TASK REQUIREMENTS
Omit any pictures, and restate word for word only the lines from the one with "Блок живлення 2E" through the end of the data below.

Stored entries
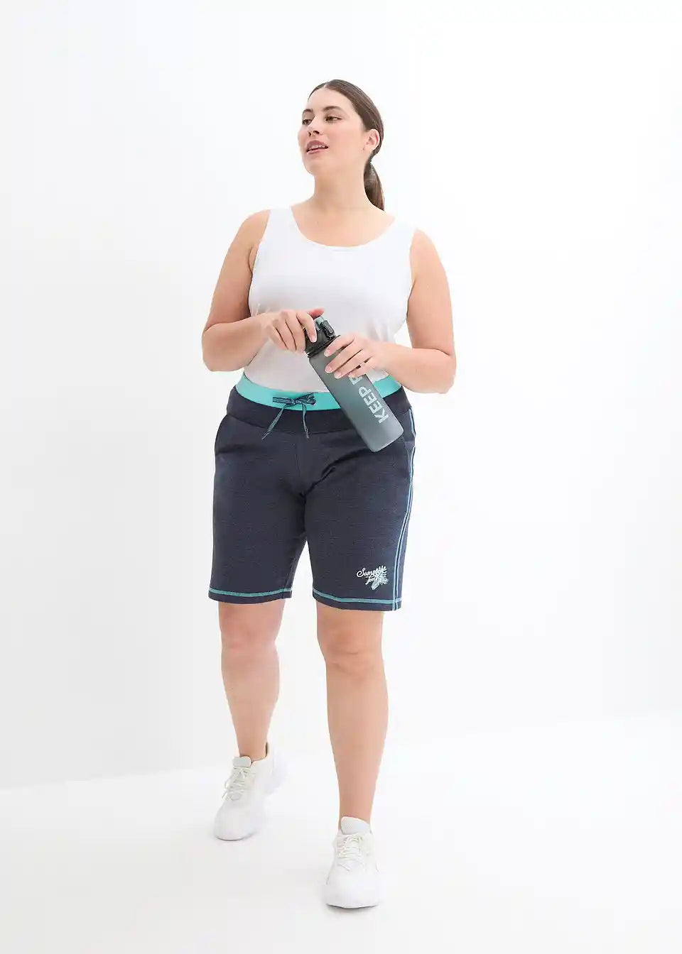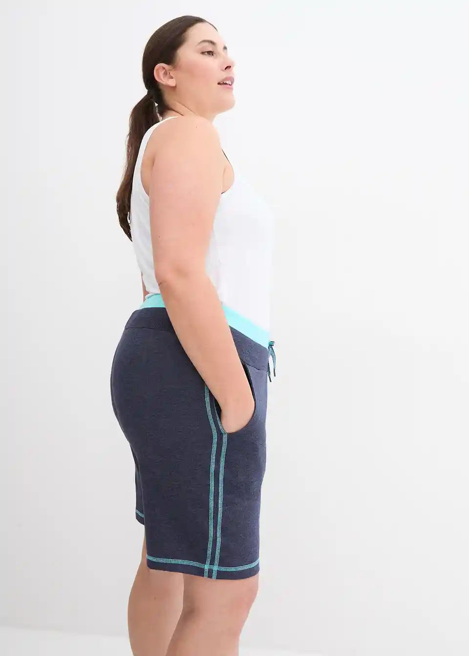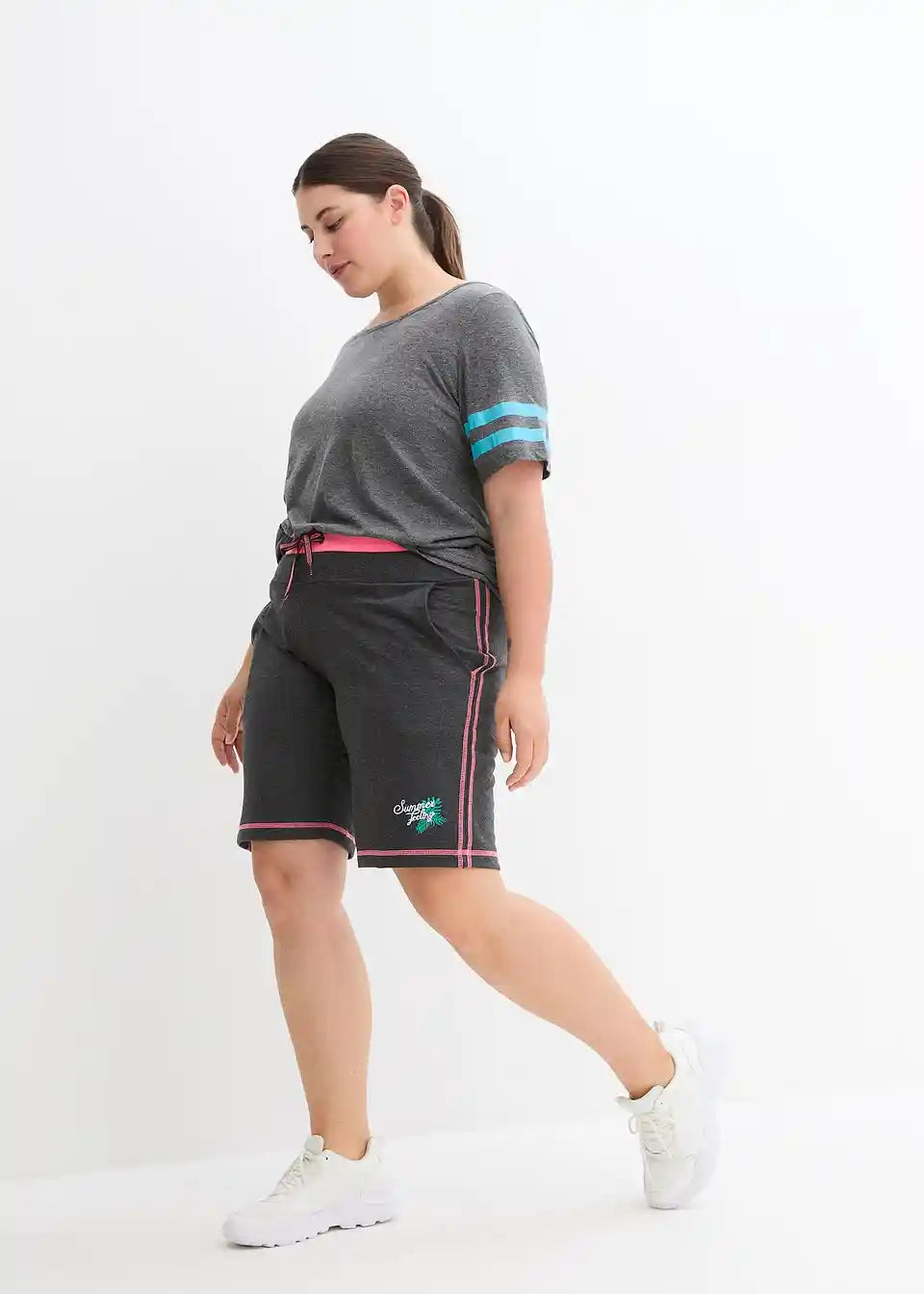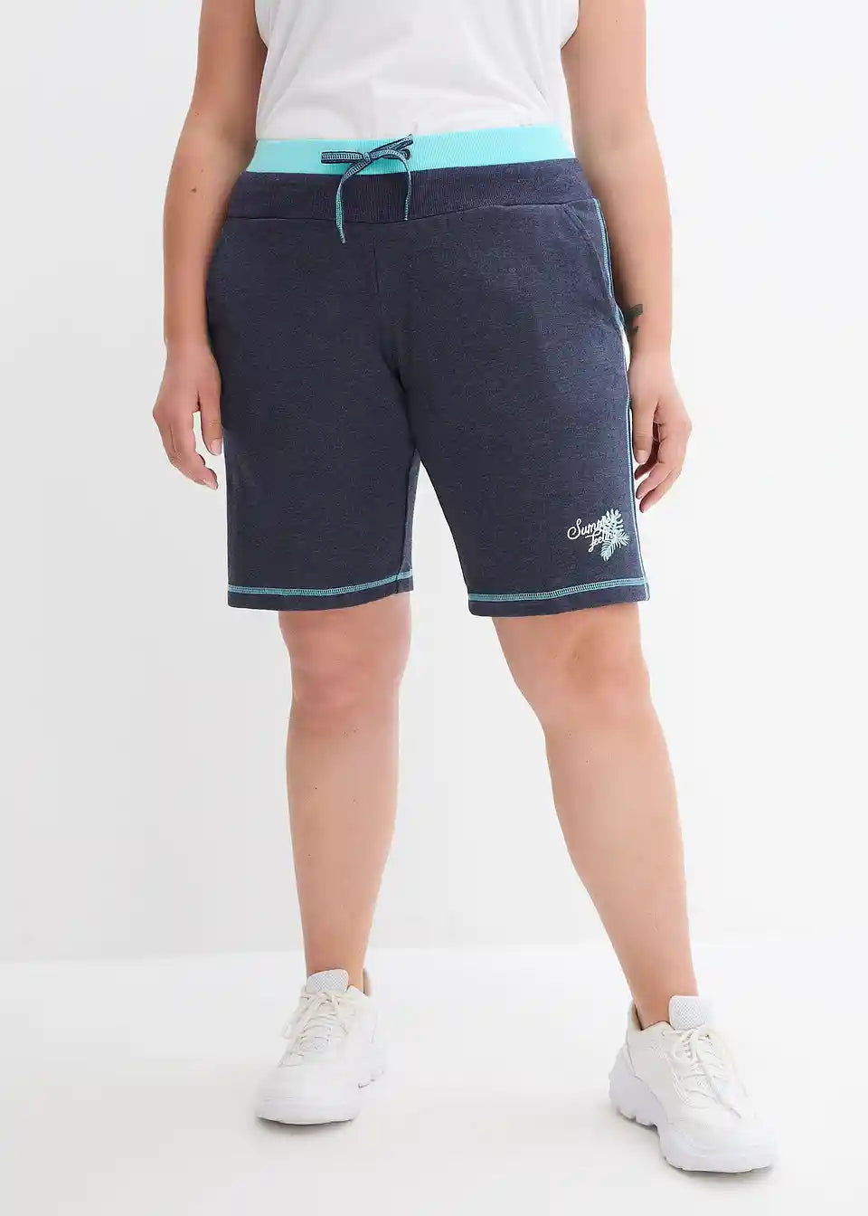 Udobne sweat kratke hlače z vezenjem in kontrastnimi šivi
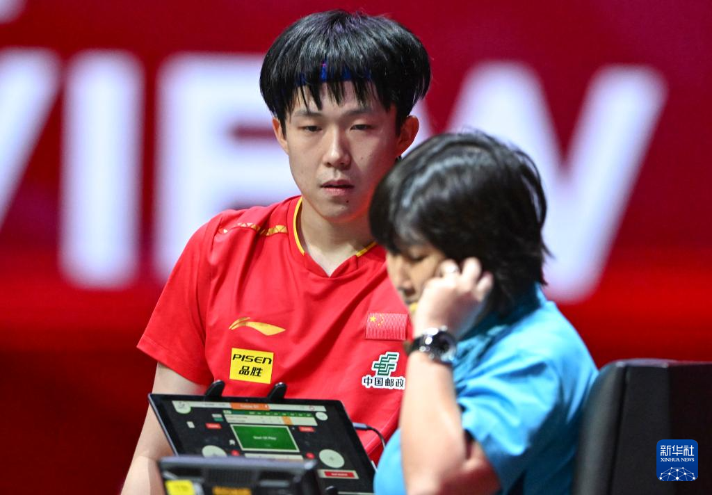 5月20日,王楚钦(右)在比赛间隙接受教练王皓的指导。
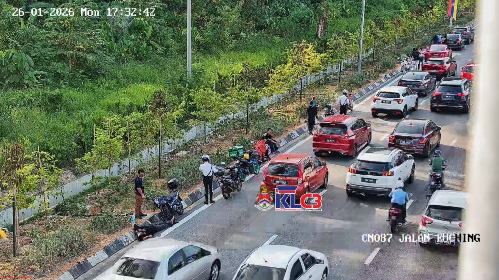 Kemalangan motorsikal dan kereta dilokasi selepas susur Pengasih menghala ke Bulatan Segambut, lorong kiri terhalang, aliran trafik perlahan dilokasi, Polis trafik dilokasi.
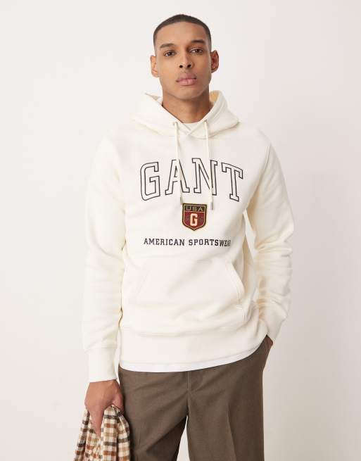 Sudadera color crema con capucha y logo universitario de GANT
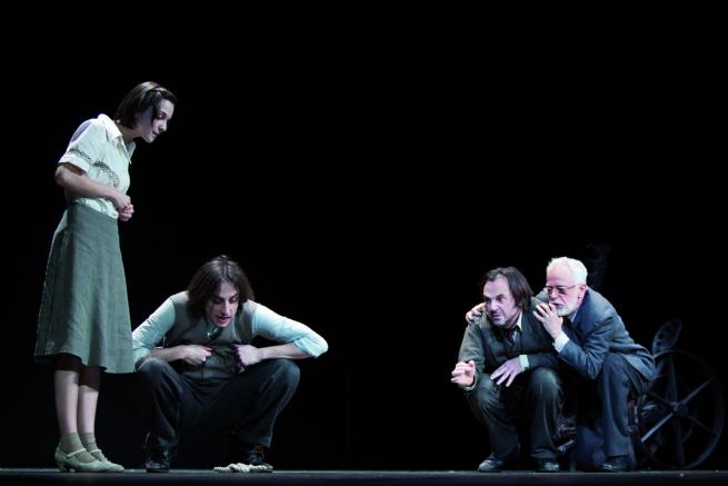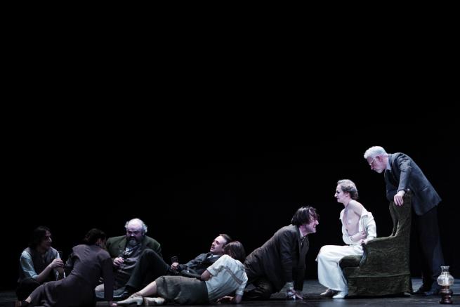 Ciò premesso – e ribadito che l’intelligenza teatrale di Ronconi rimane fuori discussione – mi pare ci sia anche qui un aspetto censurabile. Mi riferisco all’uso dei microfoni. Si dirà: nemmeno questa è l’esclusiva di uno spettacolo, né una particolarità del Piccolo di Ronconi. Capita sempre più spesso, e ovunque, di vedere in scena attori equipaggiati con microfoni ad archetto, aggeggi minuscoli, discreti, color carne, quasi invisibili. Ma il problema non è dissimulare alla vista il dispositivo di amplificazione, cosa tutto sommato banale. Il problema è l’effetto acustico. La voce, amplificata, non arriva più al pubblico nello stesso modo, perché la sorgente del suono muta. Quello che accade, in buona sostanza, è che la voce viene scissa dal corpo dell’attore. E poiché lo spettatore è seduto in poltrona, fermo, può avere la sensazione – inquietante, oltre che sgradevole – di assistere a una proiezione in 3D (sia pure di ultimissima generazione).
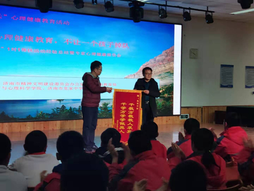 活动分两个时段举行。第一时段为心理学“小专家”1对1帮扶活动经验总结会,在党家中学四楼会议室举行。心理学“小专家”1对1帮扶活动是指每一个初一年级的学生在遇到心理问题时都会有一个心理学专业的“小专家”辅导答疑帮扶,中国·太阳集团tyc9728教育与心理科学学院选派了心理学专业的9名本科生和5名研究生从九月份开始举办该项活动,取得了非常好的教育效果。经验总结会参加人员为党家中学龚学亮副校长、初一级部主任、全体没有课的班主任以及参加1对1帮扶活动的没有课的“小专家”。龚校长对小专家的活动成效给予了充分肯定,级部主任和班主任对即将结束活动离开学校的小专家们表示了依依不舍之情,小专家们纷纷发言,表示此项活动意义非凡,不仅帮助了初一的孩子们,也促进了自己的专业成长,并对该项活动的继续开展提出了意见和建议。第一阶段会议结束后,第二时段报告会之前,乔福强博士代表学院向党家中学赠送了锦旗。
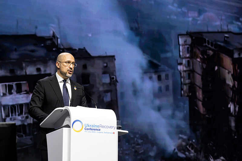 На данный момент повреждены либо полностью разрушены более 1200 учебных заведений, более 200 больниц, тысячи километров сетей газо-, водо- и электроснабжения, автомобильных и железных дорог. По оценкам ведомств, только инфраструктурные потери страны составляют более 100 миллиардов долларов. По мнению Шмыгаля, основным источником финансирования должны стать замороженные активы России, которые, по разным оценкам, составляют от 300 до 500 млрд долларов.
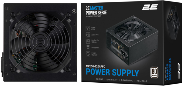 Блок живлення 2E MASTER POWER (650 Вт) із кабелем живлення для сучасних персональних комп'ютерних систем середнього рівня складності офісних ПК. Сертифікований та відповідає стандарту 80+ White.
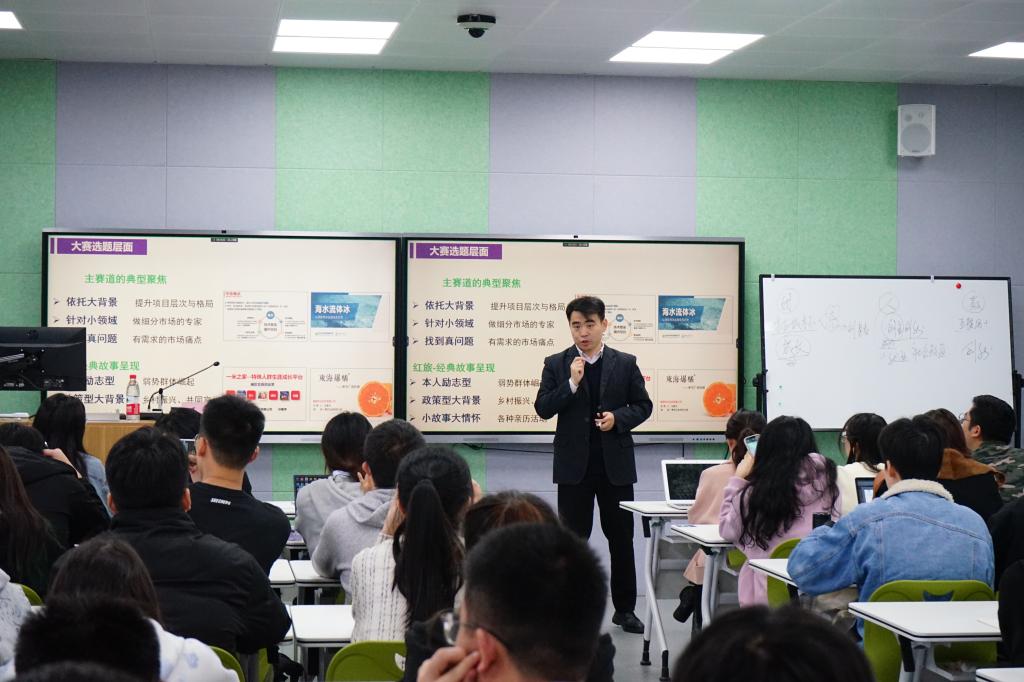 从大赛背景到具体赛制,从项目规划到落地措施,从理论研究到实际案例,聂兵一一为大家分享精彩内容。现场气氛热烈,讨论不断。相关团队负责人及指导老师纷纷发言,就项目落地中存在的问题进行交流。聂兵指出,“互联网+”项目的选择应结合学校资源和专业特色。如科创类项目可适当增添“科技元素”,文创类项目则应注重规模及先发优势,而公益类项目更应该把握项目的可持续性等。
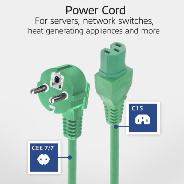 A CEE 7/7-C15 tápkábelt gyakran használják hálózati kapcsolók és szerverek táplálására. A tápkábel alkalmas hőtermelő alkalmazásokhoz.
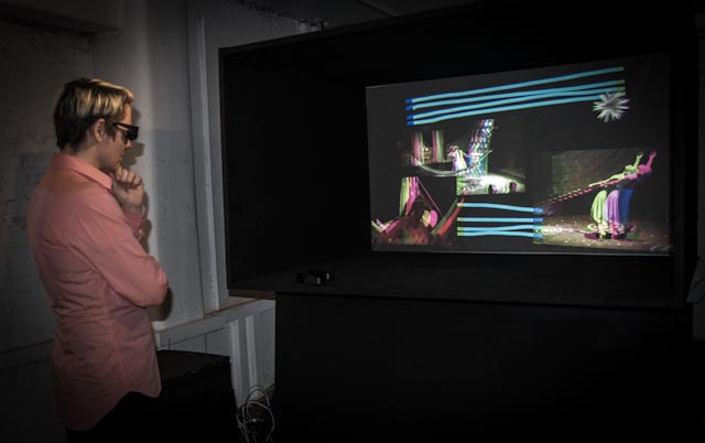 The tabletop theatre box uses a technique called active stereo 3D, custom software called Video Orb, and Isadora software for control of the content. When projected in 3D and viewed through the glasses provided, the theatre’s back wall stretches away to infinity, allowing multiple video screens for playback of performance footage to be placed in a 3D cyber-theatre. Photographs, video content, and 3D objects can be programmed remotely.
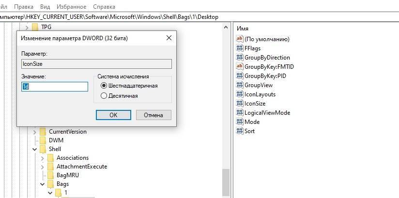 Для того чтобы сделать значки достаточно большими, в строке «Значение» нужно прописать цифру 100 и подтвердить кнопкой «ОК». Для стандартного отображения картинок требуется прописать 30. Если нужно меньше, выбирают значение ниже. Чтобы внесенные изменения активизировались на персональном устройстве, ПК требуется перезагрузить в принудительном порядке.
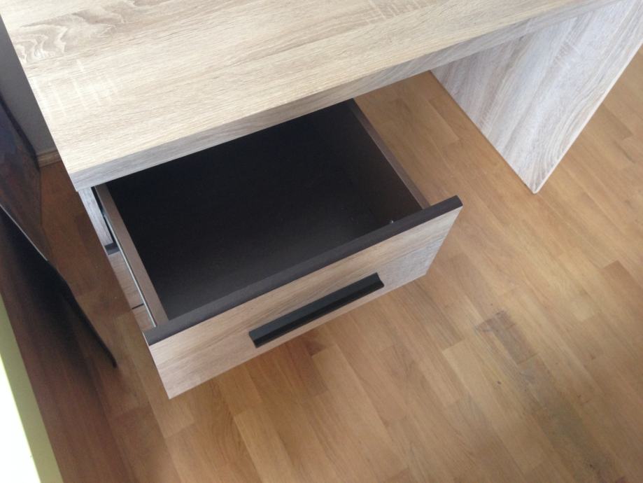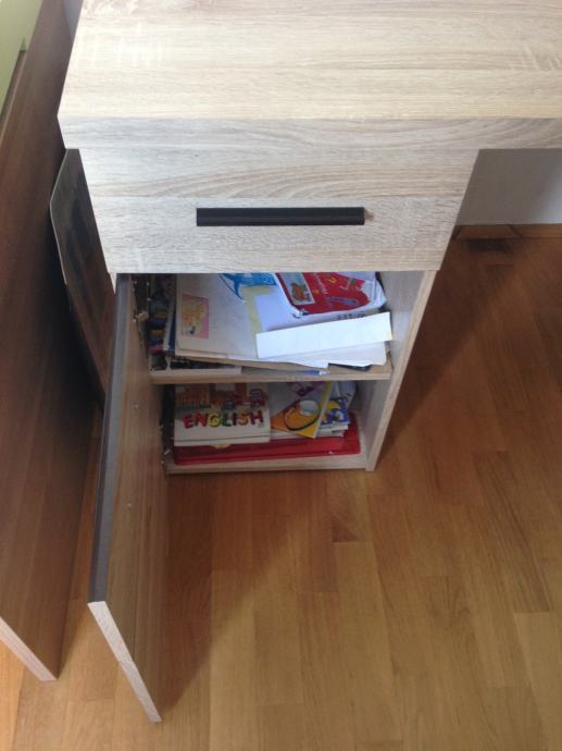 Stol ima jednu ladicu jedan zatvoreni dio s vratima.

PROBLEM SOLUTION
 Блок живлення 2E MASTER POWER (650 Вт) із кабелем живлення для сучасних персональних комп'ютерних систем середнього рівня складності офісних ПК. Сертифікований та відповідає стандарту 80+ White.
 从大赛背景到具体赛制,从项目规划到落地措施,从理论研究到实际案例,聂兵一一为大家分享精彩内容。现场气氛热烈,讨论不断。相关团队负责人及指导老师纷纷发言,就项目落地中存在的问题进行交流。聂兵指出,“互联网+”项目的选择应结合学校资源和专业特色。如科创类项目可适当增添“科技元素”,文创类项目则应注重规模及先发优势,而公益类项目更应该把握项目的可持续性等。
 A CEE 7/7-C15 tápkábelt gyakran használják hálózati kapcsolók és szerverek táplálására. A tápkábel alkalmas hőtermelő alkalmazásokhoz.
 The tabletop theatre box uses a technique called active stereo 3D, custom software called Video Orb, and Isadora software for control of the content. When projected in 3D and viewed through the glasses provided, the theatre’s back wall stretches away to infinity, allowing multiple video screens for playback of performance footage to be placed in a 3D cyber-theatre. Photographs, video content, and 3D objects can be programmed remotely.
 Для того чтобы сделать значки достаточно большими, в строке «Значение» нужно прописать цифру 100 и подтвердить кнопкой «ОК». Для стандартного отображения картинок требуется прописать 30. Если нужно меньше, выбирают значение ниже. Чтобы внесенные изменения активизировались на персональном устройстве, ПК требуется перезагрузить в принудительном порядке.
 Stol ima jednu ladicu jedan zatvoreni dio s vratima.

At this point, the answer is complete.